Have you ever had a dream where you need to be somewhere important, but you just can’t get there? Perhaps you have to take a final exam, but in the dream you find yourself at the mall shopping and then remembering you missed the exam.
You jump in the car, but you can’t fit the key into the ignition and you panic.
Or you have to be at the airport early in the morning, but you can’t get packed. No matter how many times you go into your closet, you can’t get the clothes into the suitcase, and if you do make it to the airport, you have no ticket.

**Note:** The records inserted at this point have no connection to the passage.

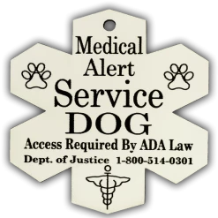 The Medical Alert Service Dog Engraved Tag is made from high quality acrylic plastic. This tag measures approx 2.5″ and is laser engraved on one side with the words “Medical Alert Service Dog Access Required By ADA Law” the tag also includes the Dept of Justice phone number. Our Medical Alert Tag comes with a pre-drilled hole and a split key ring for easy attachment to any harness or equipment.
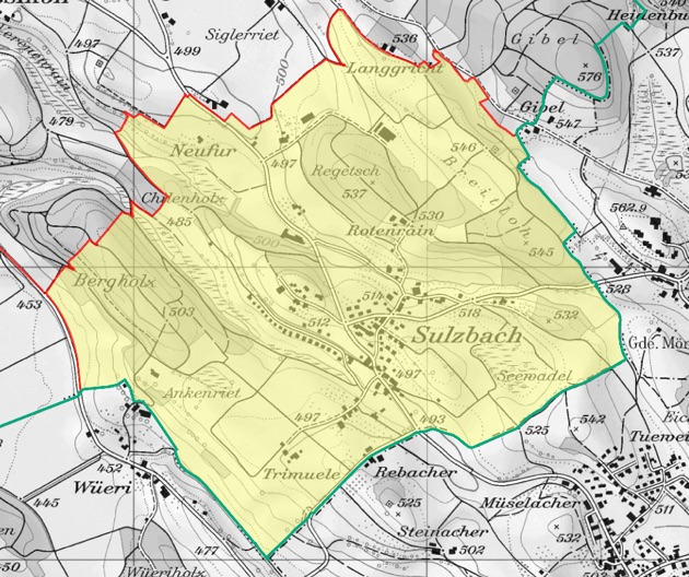 Ortskarte von Sulzbach, Grüne Linie bedeutet Gemeindegrenze, rote Linie bedeutet Ortsgrenze
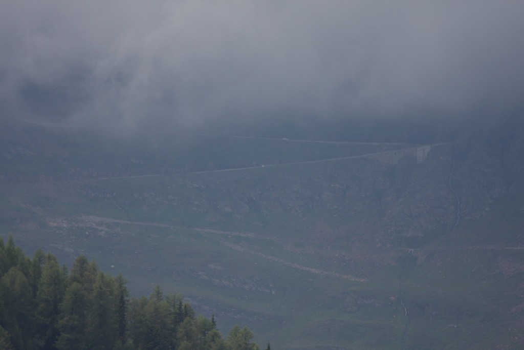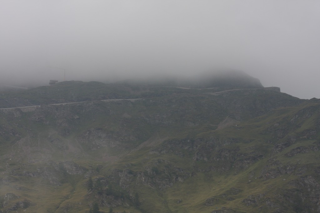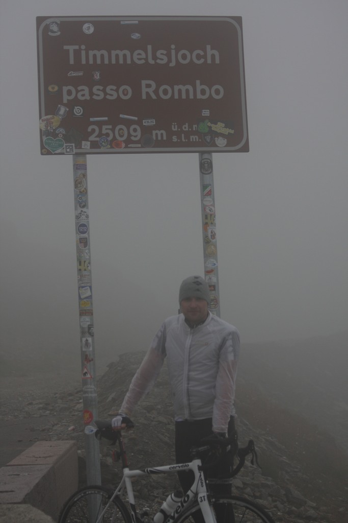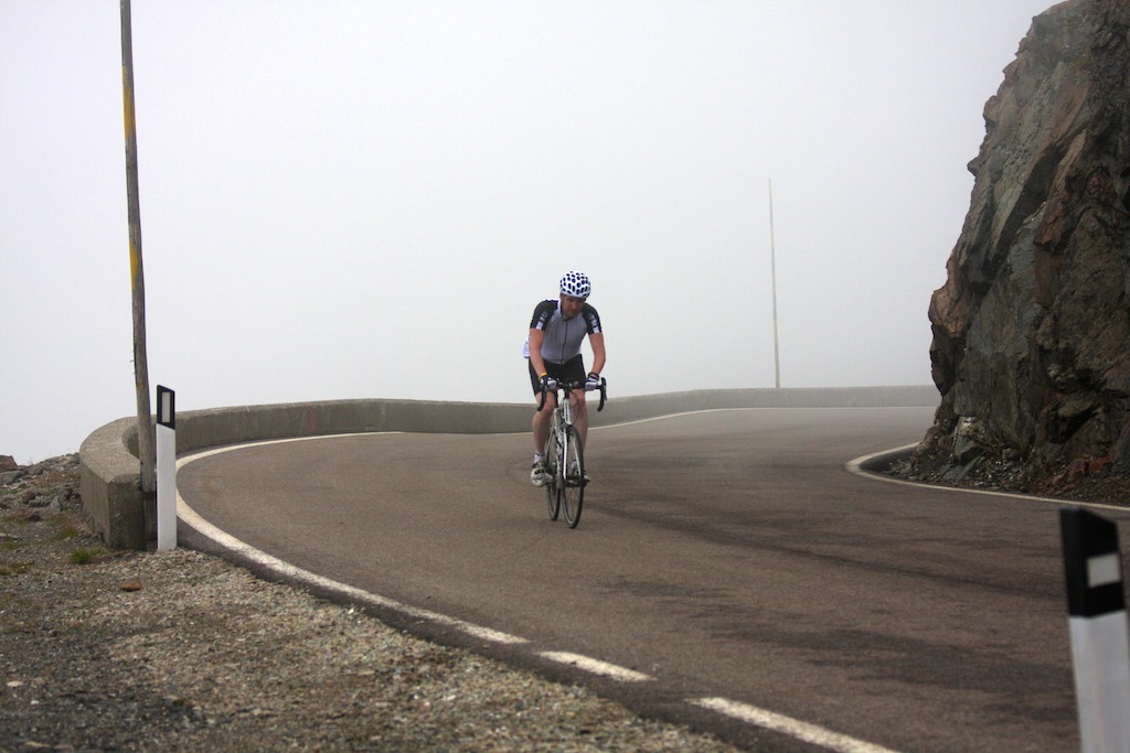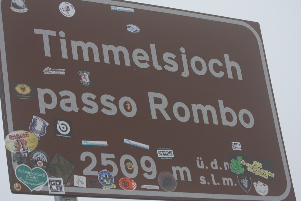 Ich rechne, vielleicht noch zwei Kilometer. Die Strasse geht nach links und plötzlich ist stock duster. Ich bin ich im Tunnel. Gut, das ist nicht der Erste im Anstieg, aber auf jeden Fall der längste und dunkelste. Nach ein paar Metern muss ich stoppen. Ich sehe gar nix mehr, taste mich fast zum Strassenrand. Ja, ich wusste von den Tunneln, doch beim Aufbruch habe ich vergessen die Lampe zu montieren. Zum Glück taucht hinter mir meine Schwester auf. Also mache ich es wie die Profis. Lasse das Begleitfahrzeug die Strasse ausleuchten. So geht es immer zügiger weiter. Zügig deshalb, weil es nun fast schon flach ist. Zumindest im Vergleich zu den letzten Kilometern. Jetzt hält mich nichts mehr. Ich beschleunige und die Anzeige im Garmin erreicht schon fast vergessen Werte. Dann die letzte Kurve und ich sehe es: Das Paßschild. Der Jubel fällt kurz aus. Kein Panorama, nur Nebel, Regen, Kälte. Diese Paßhöhe ist definitiv die ungemütlichste, die ich je erlebt habe. Ich schlüpfe in wärmere Kleidung, wir machen die Beweisfotos und dann folgt das, was zwei von Sölden hoch kommende Radler so kommentieren: „Was? Du fährst nicht runter? Krankenkasse, oder was?“
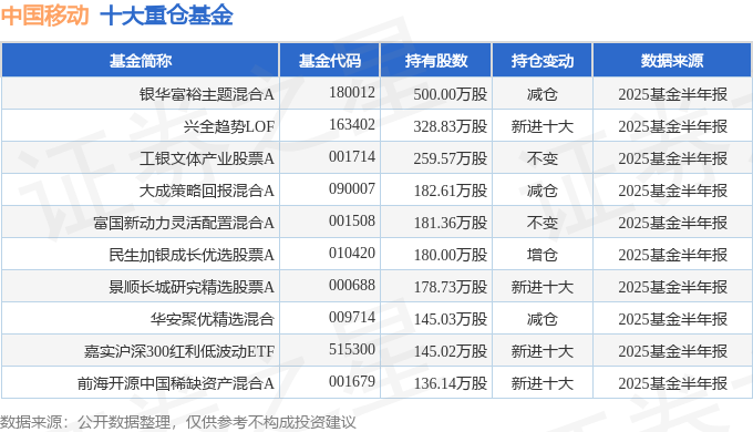 持有中国移动最多的基金为银华富裕主题混合A,目前规模为107.06亿元,最新净值4.43(10月21日),较上一交易日上涨0.48%,近一年上涨3.01%。该基金现任基金经理为焦巍。
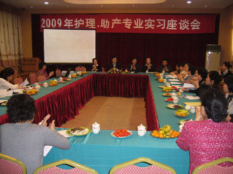 2009年4月10日下午,我院护理(助产)专业实践教学委员会2008学年实习教学工作会在闽江饭店会议厅举行,我院护理(助产)专业实践教学委员会成员及省、市、区医院的相关负责人,共计有来自20余个单位的40 名代表参加了会议。
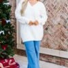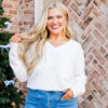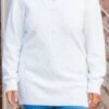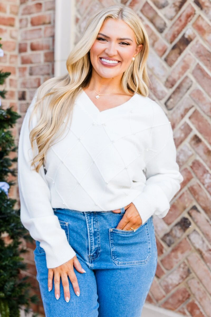 Indulge in the essence of luxury with this sweater in white! This long sleeve knit sweater boasts a flattering v neckline and delicate ribbed cuff sleeves with intricate checkered stitching and elegant pearl detailing! Elevate your wardrobe with this exclusive and sophisticated piece!
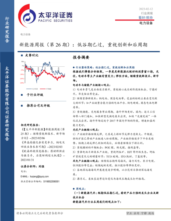 【太平洋证券】【20230212】新能源周报(第26期):低谷期已过,重视创新和后周期-30页
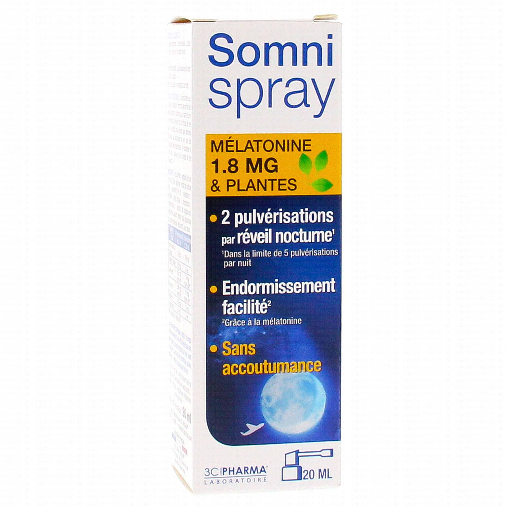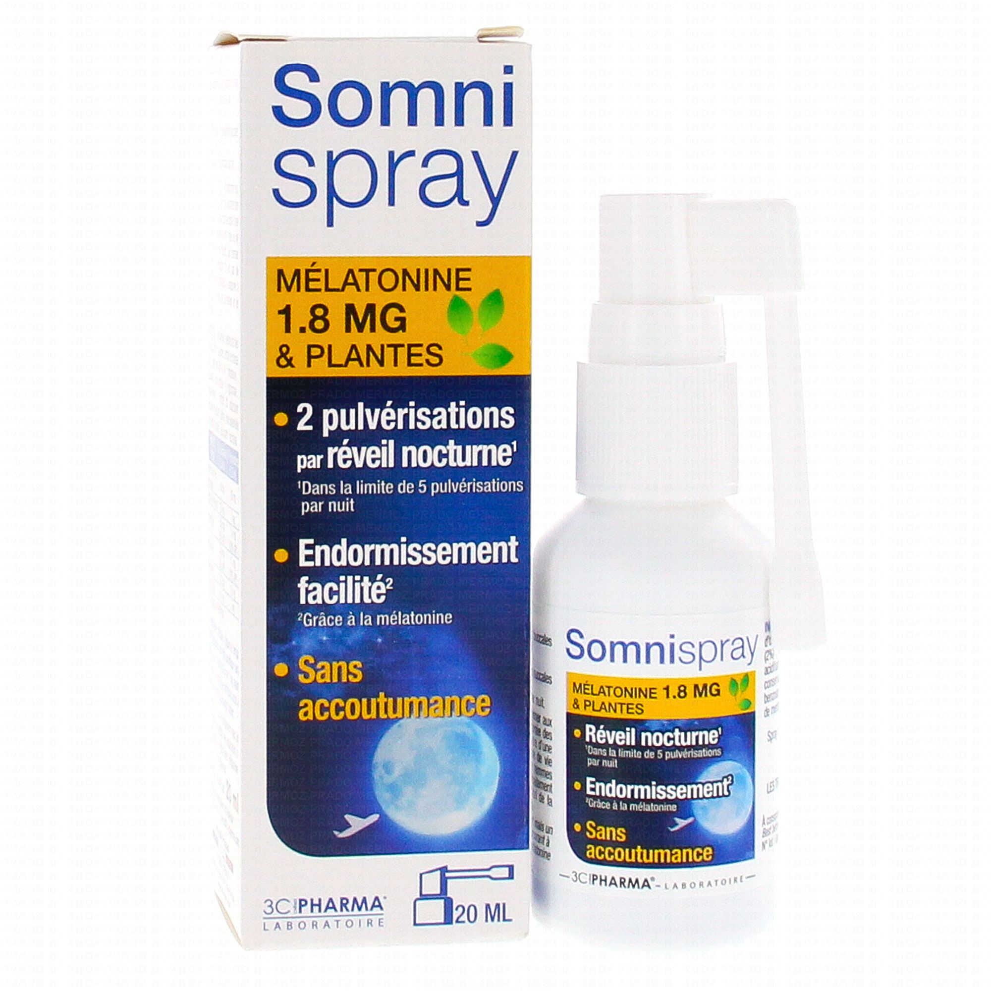 3C PHARMA SomniSpray 20 ml est un complément alimentaire à la mélatonine et au tryptophane, pour aider à réduire le temps d'endormissement

These dreams are frustrating and anxiety producing because you can’t get to where you need to be.
This is how I have felt in the past ten days. I needed to be here sharing my food with you, and no matter how hard I tried, I couldn’t do it. I lost posts. My camera didn’t work. My food was a failure on the sunny days and great on the days it was too late and too dark to capture. And, in between any cooking, there were medical crises and unexplained injuries. But I missed you and it feels like I have woken up from a bad dream, and I’m back, happy again and in my kitchen on a sunny day.
From the second we are born, we are fighting to keep our life a life worth living. Today, I celebrate one such life that I cherish above my own.
Happy Birthday to the man that knew marrying me would guarantee him a life time of “me” and some really good food. I think I got the best deal in this marriage, because his personality is like sweet vanilla pudding. Mine is a lot more like these cupcakes. The chocolate is very loud (made with espresso), the caramel frosting is complex, and the salty is salty. We are, indeed, a different kind of sweet, but this just may be the secret to our happy marriage.
The inspiration comes from salty caramel hot chocolate, D.C.’s favorite hot drink. It’s taken me over a year to perfect the caramel frosting and get the taste I was looking for while getting his approval along the way. He is not a cook, but he is a wonderful editor.
I warn you that it’s sweet and gooey and best eaten when hungry. It might be the only meal you will need. D.C. prefers salty peanuts on top, but I like just the caramel frosting with sea salt.
You can use any chocolate cake recipe you prefer. This is made with espresso and dark chocolate and presents as aa good balance for the caramel frosting. Cupcakes can be all grown up and sophisticated when the flavors are deep, rich and you wrap them in fancy paper wraps.
After a perilous week, the party was on, and last night we enjoyed a feast with a houseful of friends.
Tomorrow is Retro Rose’s 75th birthday. This week, I’ll be featuring some party tips and recipes, the cake I made for her and some notes on sipping tequila. You don’t want to miss sipping tequila.
Dark amber-colored caramel is the secret. You must be wiling to take the chance and allow it to get dark enough. Don’t be intimidated by the process. Once you’ve burned a few or took it off the stove too early, you will start to understand what you’re looking for. There is no such thing as playing it safe, because premature caramel will just be sugary and have no flavor.
- 1 cup water
- 3 cups sugar
- 1 cup cream (room temperature)
- Cook on medium heat without stirring, until the sugar turns a deep amber.
- Take off heat, pour in cream, stir.
It will bubble up, and this is the fun part. Eventually, as you stir, it will transform into caramel.
- Cool completely at room temperature.
- 1/2 cup butter
- 3 cups powdered sugar
- Caramel from above recipe
- 2 tablespoons heavy cream
- 1/4 teaspoon sea salt and more for sprinkling for top
- Cream butter and sugar and cream with electric mixer on medium speed.
- Add caramel, continue to mix until smooth.
Frost cupcakes. Top with Sea Salt or chopped peanuts.
- DRY INGREDIENTS
- 3 cups cake flour
- 2 teaspoon baking soda
- ½ teaspoon baking powder
- ½ teaspoon salt
- 1 cup Hershey’s special dark cocoa
- ½ cup boiling water
- ½ cup espresso
- WET INGREDIENTS
- 1 cup unsalted butter, softened
- 2 cups sugar
- 3 eggs, 1 egg yolk
- 2 teaspoons vanilla extract
- 1 cup sour cream
- Mix together dry ingredients in a bowl. Set Aside.
- Mix espresso and boiling water. Dissolve cocoa in espresso/water.
- Cream together sugar and butter. Add eggs one at a time. Add vanilla.
- Add to this sour cream and dry ingredients, alternating and finishing with dry.
- Add chocolate mixture.Bake at 350 for 20-25 minutes for cupcakes, 30-35 minutes for cake.
- This will make two 9” cakes or up to 18 cupcakes, depending on size.